Understanding and Facilitating Mental Health Help-Seeking of Young Adults: A Socio-technical Ecosystem Framework
Jiaying Liu, Yan Zhang
TL;DR
This study investigates how young adults navigate a broad ecosystem of mental health resources, addressing the gap that prior work often focuses on single tools. Through 18 in-depth interviews and guided by the Social Ecological Theory, it introduces the Socio-technical Ecosystem Framework, comprising four resource levels, two types of support systems, three support mechanisms, and multiple pathways to care. The findings reveal barriers at each level and show that multi-resource configurations offer greater resilience, while single-resource patterns are more common among participants with economic constraints.
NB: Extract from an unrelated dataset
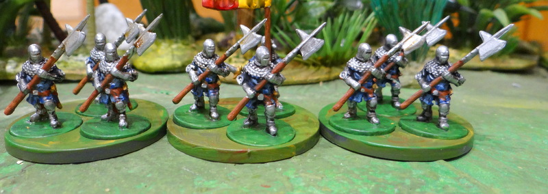 Les unités se présentent de cette façon : 3 fantassins par socle rond et de 2 à 10 socles par type unité. Les hallebardiers proposés sont de 2 types. On retrouve aussi des vougiers, des piquiers de 3 nationalités, des archers, des sergents d’arme, des guisarmiers, des arbalétriers, 3 sortes de chevaliers démontés et 3 sortes de paysans/milices armés.

The authors translate these insights into design implications for mental health technologies aimed at enhancing care-giving, care-mediating, and care-outreaching across technological, interpersonal, community, and societal levels, with potential to improve accessibility and long-term engagement.
Abstract
Prior research on young adults' mental health help-seeking mostly focuses on one particular resource such as a mobile app or digital platform, paying less attention to their lived experiences interacting with the ecosystem of resources. We conducted in-depth interviews with 18 participants about their help-seeking and non-help-seeking experiences. Guided by Social Ecological Theory, we proposed a Socio-technical Ecosystem Framework for mental health care, consisting of four levels of resources, including technological-, interpersonal-, community-, and societal level resources. Using this framework, we identified two types of support systems for help-seeking, single-resource support system and multi-resource support system. These resources support young adults' help-seeking via three mechanisms, \textit{care-giving}, \textit{care-mediating}, and \textit{care-outreaching}, forming various pathways to care. We then pointed out the barriers to resource use at each level and the general challenges in finding a support system. Our findings contributed to a conceptual framework to categorize mental health care. It also serves as a practical framework to identify challenges in the pathways to care and discover design implications.